More than half-a-dozen pleas in SC challenging the Places of Worship Act 1991

More than half-a-dozen pleas in SC challenging the Places of Worship Act 1991
Representative imageIANS
A plea has been filed in the Supreme Court challenging the constitutional validity of certain sections of the Places of Worship (Special Provisions) Act 1991, which makes a total of eight petitions filed so far against the Act.

The recent petition filed by a retired army officer Anil Kabotra said a retrospective cut-off date -- August 15, 1947 -- was fixed to legalise the illegal acts of barbaric invaders and pointed out that the Act violates the principles of secularism. The plea, filed through advocate Ashwini Kumar Dubey, challenged the constitutional validity of Sections 2, 3, and 4 of the Places of Worship (Special Provisions) Act 1991, which it said offends Articles 14, 15, 21, 25, 26, 29.

"Hindus, Jains, Buddhists, Sikhs, have the right to profess, practice and propagate religion as provided in their religious scriptures and Article 13 prohibits from making law which takes away their rights," said Kabotra's plea. It further added, "Right to restore back religious property is unfettered and continuing wrong and injury may be cured by judicial remedy."

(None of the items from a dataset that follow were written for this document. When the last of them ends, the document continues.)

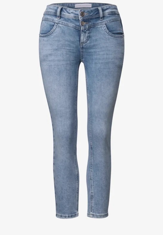 Enkellange, 5-pocket slim fit jeans van Street One met een dubbel knoop- en ritssluiting.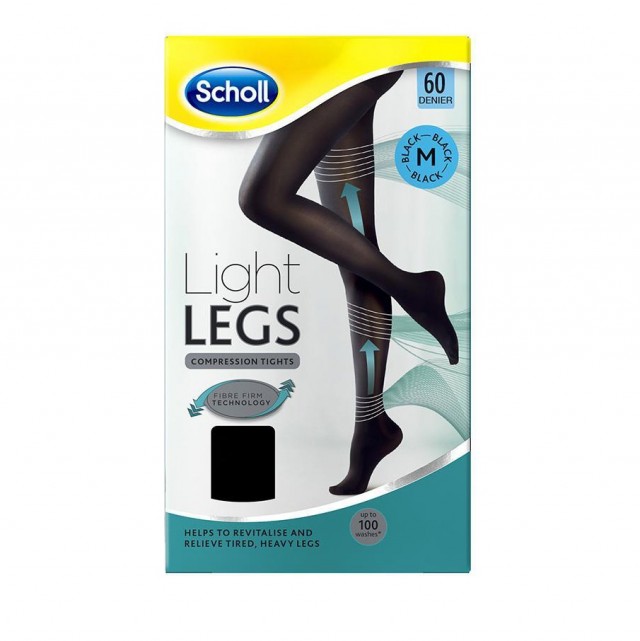 Το Light Legs Καλσόν Συμπίεσης της Scholl σχεδιάστηκε με την τεχνολογία Fibre firm, όπου βοηθά στην ενίσχυση της κυκλοφορίας του αίματος και δίνει τέλεια διαμορφωμένα πόδια. Η τεχνολογία Scholl Fiber εφαρμόζει πίεση σε στοχευμένες περιοχές από τον αστράγαλο προς τα πάνω με σκοπό να βοηθήσει στην αναζωογόνηση και ανακούφιση των κουρασμένων βαριών ποδιών.Η συμπίεση συμβάλλει στην αύξηση της κυκλοφορίας σε όλο το μήκος των ποδιών.Διαρκούν έως και 100 πλύσεις χωρίς να χάνουν σχήμα και χρώμα.
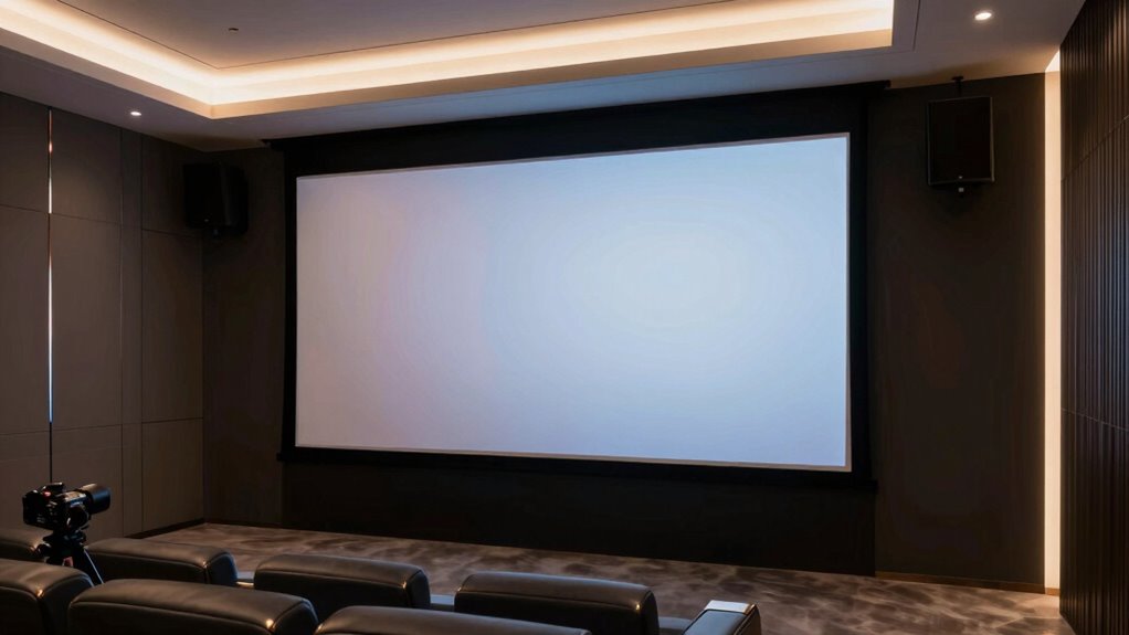 Imagine your home theater as a symphony, where all devices harmonize perfectly. Yes, motorized projector screens can be integrated with smart home systems. I’ve set mine up to open at the press of a button or voice command, making the experience seamless. Most modern screens support smart home compatibility through Wi-Fi or hubs like Alexa or Google Assistant, bringing convenience and a touch of magic to movie nights.

Advocate Ashwini Upadhyay, BJP leader Subramanian Swamy, advocate Rudra Vikram Singh, Swami Jeetendranand Saraswati, a religious leader, are among the petitioners who have already filed petitions in the top court challenging the 1991 Act.

Recently, Jamiat Ulama-i-Hind, a Muslim organisation, has also moved the top court seeking to implead in the PIL filed by Upadhyay, on which notice was issued last year.


Citing the 2019 Ayodhya judgment, Jamiat's application said: "This court has categorically held that the law cannot be used as a device to reach back in time and provides a legal remedy to every person who disagrees with the course which history has taken and that the courts of today cannot take cognizance of historical rights and wrongs unless it is shown that their legal consequences are enforceable in the present."

The plea added that the historical wrongs cannot be remedied by the people taking the law in their own hands. "In preserving the character of places of public worship, Parliament has mandated in no uncertain terms that history and its wrongs shall not be used as instruments to oppress the present and the future," it added.

The Supreme Court had issued notice on March 12 on Upadhyay's plea, however it has not come up for hearing so far.